Section 333 was originally derived from the 1871 Civil Rights Act, known as the “Ku Klux Klan Act,” which gave then-President Ulysses S. Grant the authority to use the military to suppress the Klan’s violent conspiracy to stop recently freed black citizens from voting. Despite concerns about the act’s constitutionality when it was passed, it would be revived by courts in the 1960s to enforce civil rights decrees and eventually be folded into the Insurrection Act.

In this case, Biden would be forced to argue that illegal aliens are a “class of its people,” which is to say American and Texas citizens, and further that illegally crossing the border is a right “named in the Constitution and secured by law.” While legally laughable, the idea that “no human being is illegal” and therefore has a right to enter the country is the beating heart of the left’s open-borders policy. So one can’t dismiss the notion that Biden might be convinced to go ahead with such a scheme, since the left’s ideological logic essentially demands it.

Against such an effort is likely to be the Pentagon’s National Guard Bureau, which would have to weigh this flimsy claim against the fact that the National Guard has not been federalized over a state’s objections in more than 60 years.

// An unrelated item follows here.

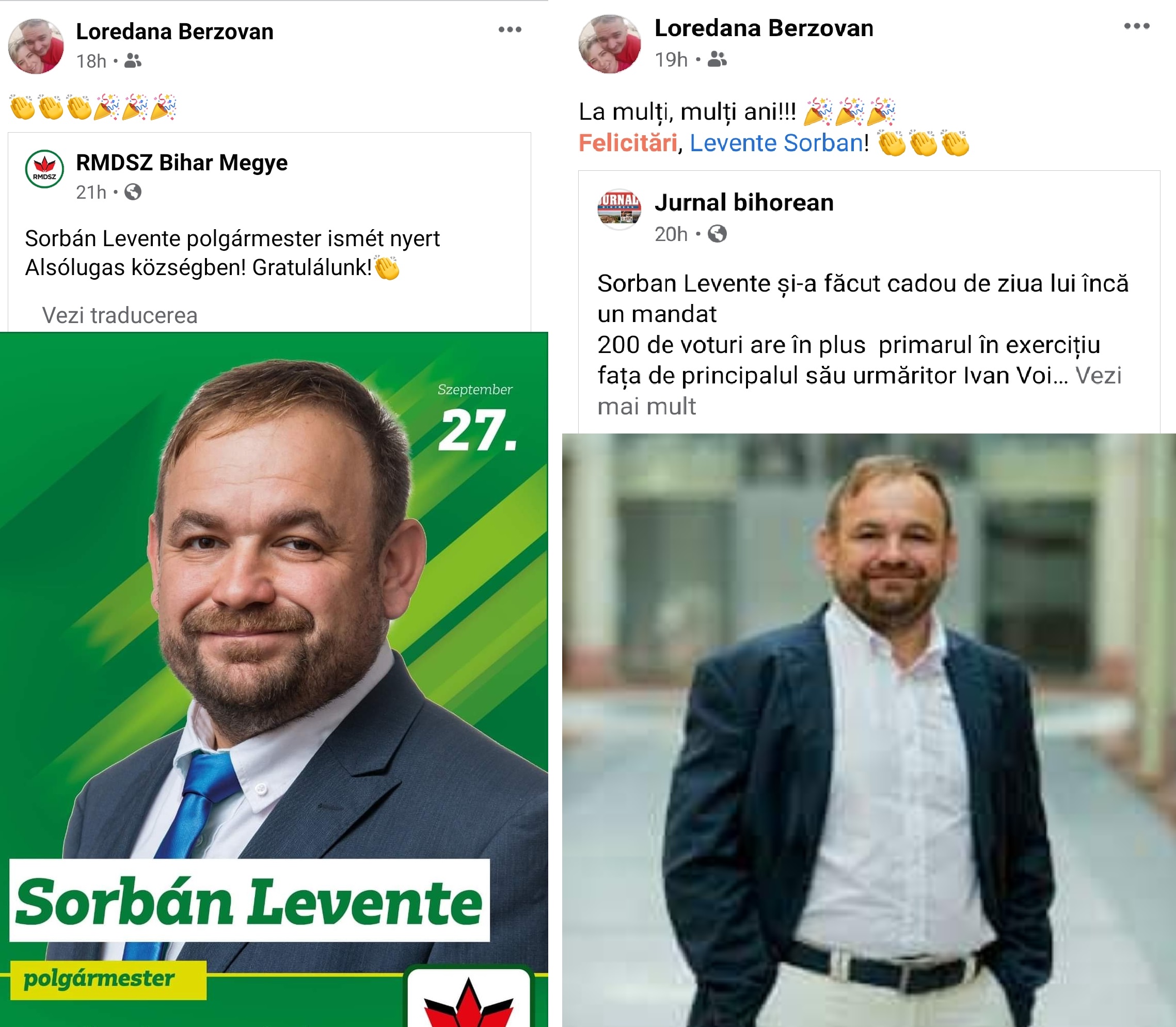 Acuzată de liberali că l-a favorizat pe primarul UDMR Sorban în mod flagrant, iată că se adeverește faptul că președinta secției de votare nr. 438 din Lugașu de Jos, Loredana Berzovan, este susținătoare a primarului care a câștigat un nou mandat. Pe Facebook, aceasta și-a arătat susținerea pentru Sorban Levente, înainte de scrutinul de duminică, iar după scrutin l-a congratulat, arătându-și satisfacția majoră pentru succesul acestuia.

As generals nervously watch the hemorrhaging of American military recruitment, one imagines they won’t be eager to inject themselves into such a squabble, particularly when the optics of letting military-age males swarm the border are not nearly as attractive as images of U.S. troops protecting schoolgirls from snarling racists.

The continued promotion of the left’s “wokeness” ideology among the U.S. military general staff means we can’t be entirely certain where the Pentagon would come down, but bureaucratic inertia alone may be enough for the general staff to discourage the Biden White House.

Still, the burgeoning constitutional crisis is real, and the left’s willingness to go immediately for the jugular with a demand to federalize the Texas National Guard has to be treated with the utmost seriousness.

To further discourage the Biden administration from escalating a crisis, red-state governors should ask their adjutant generals to use all their influence to ensure the Adjutant Generals’ Corps Association and the National Guard Association lobby the National Guard Bureau to discourage and publicly downplay any such effort by the Biden administration.

State attorneys general should consider a joint letter of support for Abbott’s authority as commander of the Texas National Guard and articulate that any attempt by Biden to federalize the Guard in this case would be a gross violation of his authority. The House of Representatives should pass a resolution supporting Abbott’s declaration that Texas is facing an invasion and affirming his right to use the Texas Military Department to resist it.

A strong message publicly rebuking a scheme to federalize the National Guard is necessary to lower tensions and prevent the Biden administration from making a mistake that could have terrible unforeseen consequences.